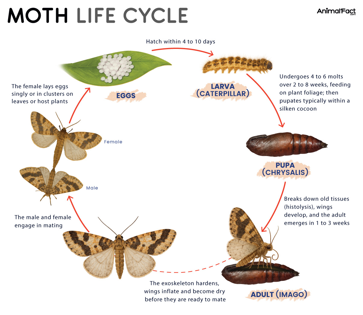 Like butterflies, moths are holometabolous insects that undergo complete metamorphosis through four distinct stages: egg, larva (caterpillar), pupa, and adult. As adults, most species feed primarily on floral nectar, which they extract using an elongated, straw-like mouthpart, the proboscis.
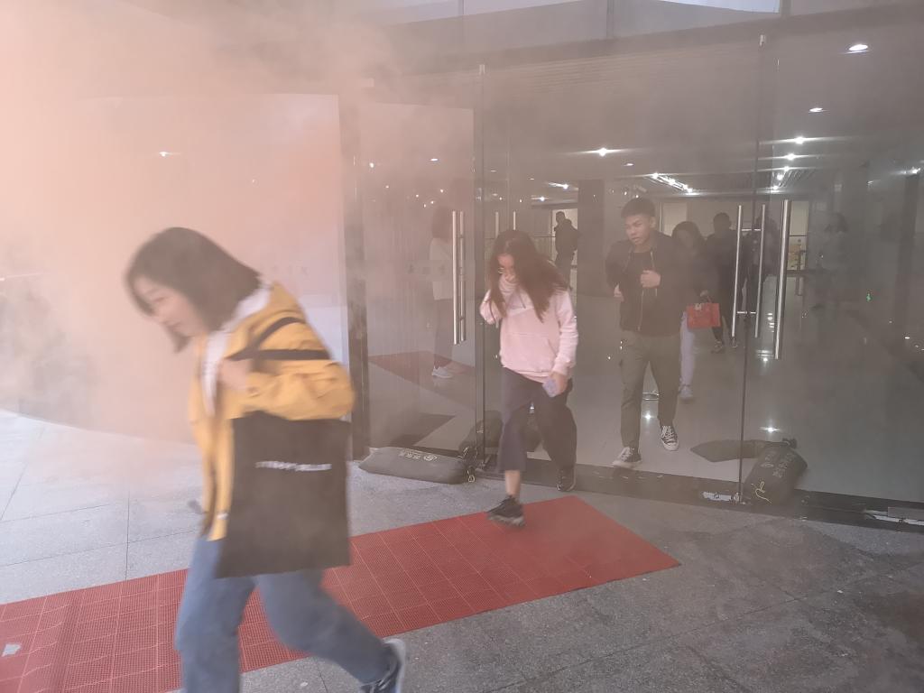 讲座后,作为本次安全教育活动的重要环节,音乐舞蹈学院全体2018级同学参与到应急疏散演练中去。17点整,随着警铃声的响起,红色浓烟升起,全体同学在学院辅导员的引导下,弯下腰,用手、袖子捂住口鼻,紧张有序地,从琴房、舞蹈房迅速撤离,按预定的疏散路线撤离到学院大楼外的空地。同时,学校保卫处安保人员迅速赶到现场,展开灭火营救措施。
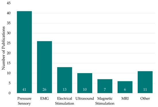 The most commonly used sensor technologies, based on the studies identified, include pressure sensors, EMG, and ES. As the review considers sensors for prevention, diagnosis and rehabilitation, the identified sensor categories can be further broken down into their application areas. For diagnostic purposes, the technologies used are pressure measurement, EMG, ultrasound, MRI, accelerometry, EMT, photogrammetry, X-ray, and IRT. Pressure and EMG measurements are also used in biofeedback systems for prevention and rehabilitation purposes. In addition, ES, MS, and vibration are used for therapeutic applications. Categorizing sensors according to their application can serve as a support for the development of new technology or methods, for example, by extending the areas of application for existing sensors. Depending on the future purpose of a new sensor, different established technologies can be used as a reference.
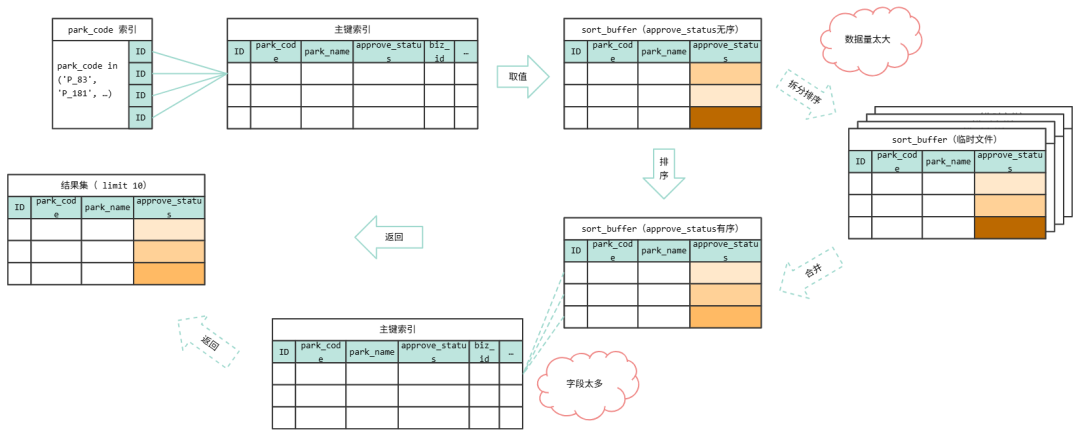 2)回表查询各个字段,由于字段太多,丢弃一些,把需要排序的字段放到 sort_buffer

:: Task directions ::
Repeat verbatim the lines between the start of the data and the line containing "讲座后,作为本次安全教育活动", both ends included, omitting all pictures.

:: Response to this task ::
 Like butterflies, moths are holometabolous insects that undergo complete metamorphosis through four distinct stages: egg, larva (caterpillar), pupa, and adult. As adults, most species feed primarily on floral nectar, which they extract using an elongated, straw-like mouthpart, the proboscis.
 讲座后,作为本次安全教育活动的重要环节,音乐舞蹈学院全体2018级同学参与到应急疏散演练中去。17点整,随着警铃声的响起,红色浓烟升起,全体同学在学院辅导员的引导下,弯下腰,用手、袖子捂住口鼻,紧张有序地,从琴房、舞蹈房迅速撤离,按预定的疏散路线撤离到学院大楼外的空地。同时,学校保卫处安保人员迅速赶到现场,展开灭火营救措施。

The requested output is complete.